2011 President, Oahu Chapter
National Association of Residential Property Managers
Q. I became a new landlord this year. What do I need to do regarding my taxes? And what else do I need to do? I also got an insurance settlement for damage caused by a leak into my unit. Do I need to spend it all or can I just keep it?
A. Welcome to the world of property management. Check with your tax advisor for specifics in your case, but I will provide general information for the typical cash basis taxpayer.
If you just bought the rental property, your accountant will need a copy of your closing statement from the sale. Costs associated with the sale, including title insurance, legal fees, mortgage fees, and other costs are added to the cost of the property. This is the amount that is used for depreciation purposes.
These costs are not immediately deductible this year, but are typically depreciated over 27.5 years.
If you spent money to prepare the property for rent, keep those receipts.
Also keep copies of your homeowner’s insurance and property tax payments.
You can also deduct maintenance fees, advertising costs and the cost of repairs paid to a third party. You cannot deduct the labor costs for repairs done by yourself. If you used a rental agent, lawyer or accountant relative to your rental business, you can deduct those costs.
You should have applied for a general excise tax number from the State of Hawaii. Go to the website at www.state.hi.us/tax and navigate to the form BB-1 to apply for a general excise number. You will be paying 4.5% of your gross rental income (4% on neighbor islands). Your payments are due monthly if you are paying more than $4,000 a year in GE tax, quarterly if you are paying less than $4,000 a year, or semi-annually if you are paying less than $2,000 a year. Note: If you are doing vacation rentals or other short term rentals, you need to pay an additional Transient Accommodations tax (9.25% on all islands).

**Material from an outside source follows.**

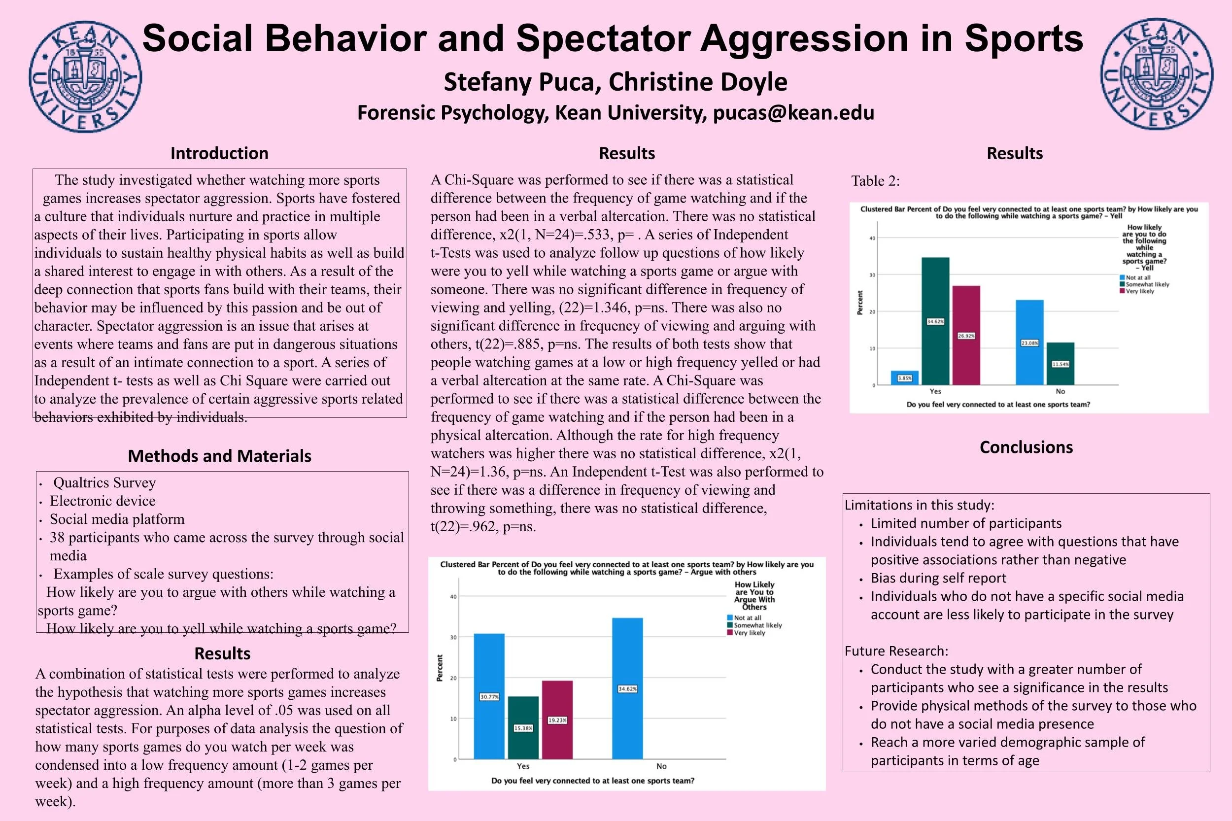 The study investigated whether watching more sports games increases spectator aggression. The materials were a survey, social media platform, and an electronic device. There were 24 participants in the study, all were individuals that came in contact with the survey link on social media. A Chi-Square was performed to find a statistical difference between the frequency of game watching and if the person had been in a verbal altercation. There was no statistical difference, x2(1, N=24)=.533, p=ns. A series of Independent t-Tests analyzed the likelihood of participants yelling while watching a sports game or arguing. There was no significant difference in frequency of viewing and yelling, t(22)=1.346, p=ns. There was no significant difference in frequency of viewing and arguing, t(22)=.885, p=ns. Therefore, people watching games at a low or high frequency yelled or had a verbal altercation at the same rate. A Chi-Square was performed to find a statistical difference between the frequency of game watching and if the person had been in a physical altercation. The rate for high frequency watchers was higher; there was no statistical difference, x2(1, N=24)=1.36, p=ns. An Independent t-Test was performed to find a difference in frequency of viewing and throwing something, there was no statistical difference, t(22)=.962, p=ns. Participants agreed with statements that gave positive associations like: deep senses of fulfillment, over cheated; this is fixed by changing the wording of certain questions.

All rents and other fees received in the year should be reported even if they were paid in advance. The total rents and fees must be reported on the general excise report, without deducting any fees paid to your property manager or costs for repairs, etc. Do not include security deposits or pet deposits as rental income if you plan to return it to the tenant at the end of the lease. Rents would also include the value of services provided by your tenant; for example, if your tenant is a painter and painted the unit in lieu of rent, you would have to include the value of that service as rental income.

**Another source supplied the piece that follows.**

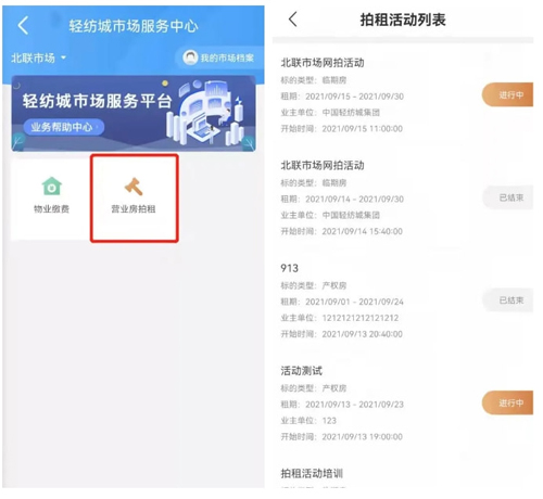 玩轉營業房“網拍” 從“往返跑”升級為“零次跑” 營業房拍租系統是“數字市場”營業房管理系統中的重要模塊,上線應用后,將告別市場傳統拍租會模式,市場管理方可通過該系統創建線上拍租活動,發布拍租標的和各項規則,并在線審核拍租報名信息與保證金,實時掌握所有拍租活動的進程與數據。而經營戶可通過網上輕紡城APP的營業房拍租模塊,選擇拍租活動報名并上傳保證金憑證,隨時隨地參與拍租,提升營業房拍租效率。

If you have an insurance claim for damage caused to your unit, the insurance adjuster will investigate the claim and authorize payments. If you find a cheaper alternative for the repair, you might not have to spend all the money. However if you do not use all the insurance money for its intended purpose, you must declare the excess as income.
If you just converted your previously owner-occupied home into a rental property, you should remove the homeowner’s exemption. Individual owners (not corporations or companies) can exempt on their taxes up to $80,000 on a home that is their principal place of residence. There are additional exemptions available to homeowners over the age of 65, low income taxpayers, certain disabled taxpayers and non-profit groups, among others. Some of the criteria used to determine occupancy for exemption purposes require that the homeowner claiming the deduction occupy the home for more than 270 calendar days of a calendar year, register to vote in the city, and file an income tax return as a resident of the State of Hawaii. Since this property is no longer owner-occupied, you do not qualify for an exemption. You can visit the City & County of Honolulu website at www.realproperty-honolulu.com to remove the exemption.
Your taxes just became more complicated, so I recommend that you discuss your specific situation with your attorney or tax professional.